+++ Information supplied +++
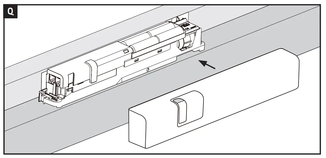 Assembly cover: - Slide the cover on to the closing unit, from front to back, until it goes no further (figure Q ).
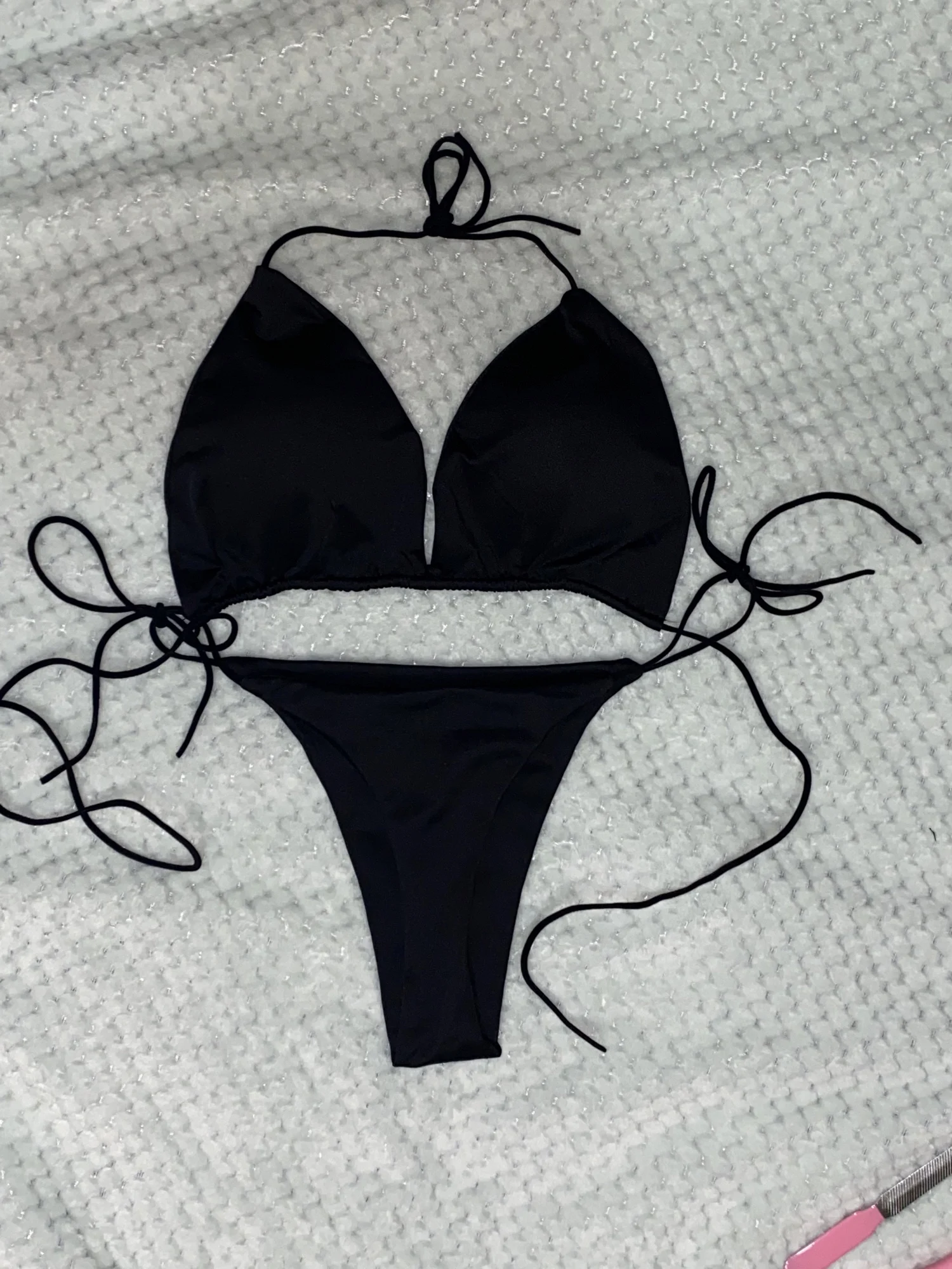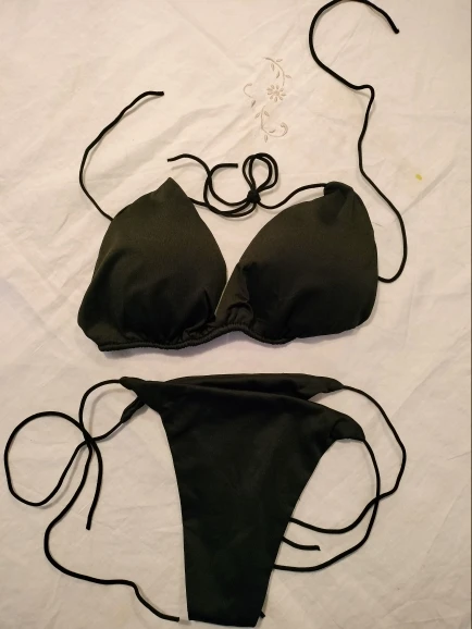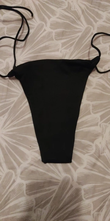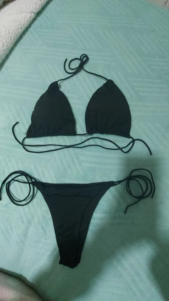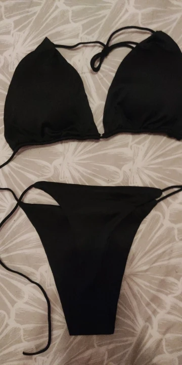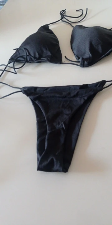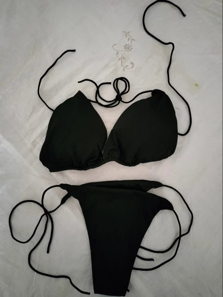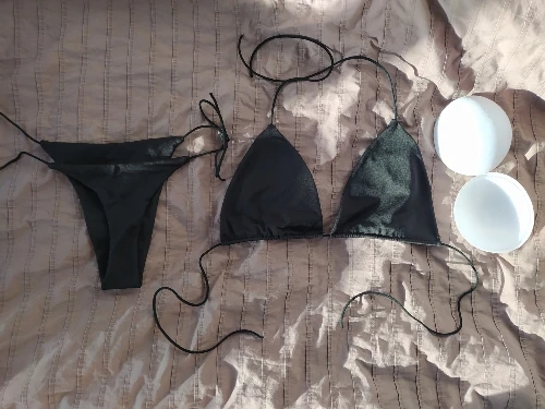 Купальник не самого лучшего качества. Трусы еле-еле прикрывают интимные места, узкие очень. Лифчик лучше немного, но всё-равно плохо фиксируют грудь. Верёвочки-завязки очень тоненькие. Такое себе удовольствие. Одеть и просто сфотографироваться в купальнике можно.
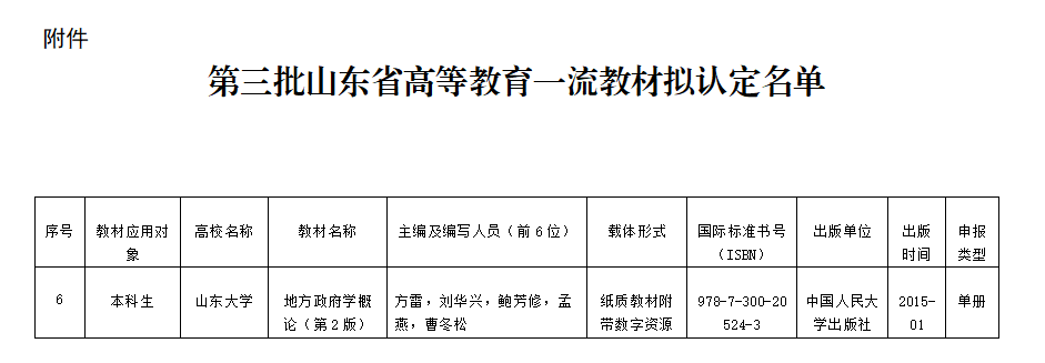 方雷教授主编《地方政府学概论(第2版)》教材成功入选。这是继2020年方雷教授主编《当代中国政府与政治》与《政治科学研究方法概论》、王佃利教授主编《现代市政学(第四版)》、滕玉成教授主编《公共部门人力资源管理》、高永贵副教授主编《公文写作与处理》等教材获选山东省高等教育一流教材后,工口实验室
+++
# Activity
Go through the listing above and retype it exactly, skipping every picture.

# Output
 Assembly cover: - Slide the cover on to the closing unit, from front to back, until it goes no further (figure Q ).
 Купальник не самого лучшего качества. Трусы еле-еле прикрывают интимные места, узкие очень. Лифчик лучше немного, но всё-равно плохо фиксируют грудь. Верёвочки-завязки очень тоненькие. Такое себе удовольствие. Одеть и просто сфотографироваться в купальнике можно.
 方雷教授主编《地方政府学概论(第2版)》教材成功入选。这是继2020年方雷教授主编《当代中国政府与政治》与《政治科学研究方法概论》、王佃利教授主编《现代市政学(第四版)》、滕玉成教授主编《公共部门人力资源管理》、高永贵副教授主编《公文写作与处理》等教材获选山东省高等教育一流教材后,工口实验室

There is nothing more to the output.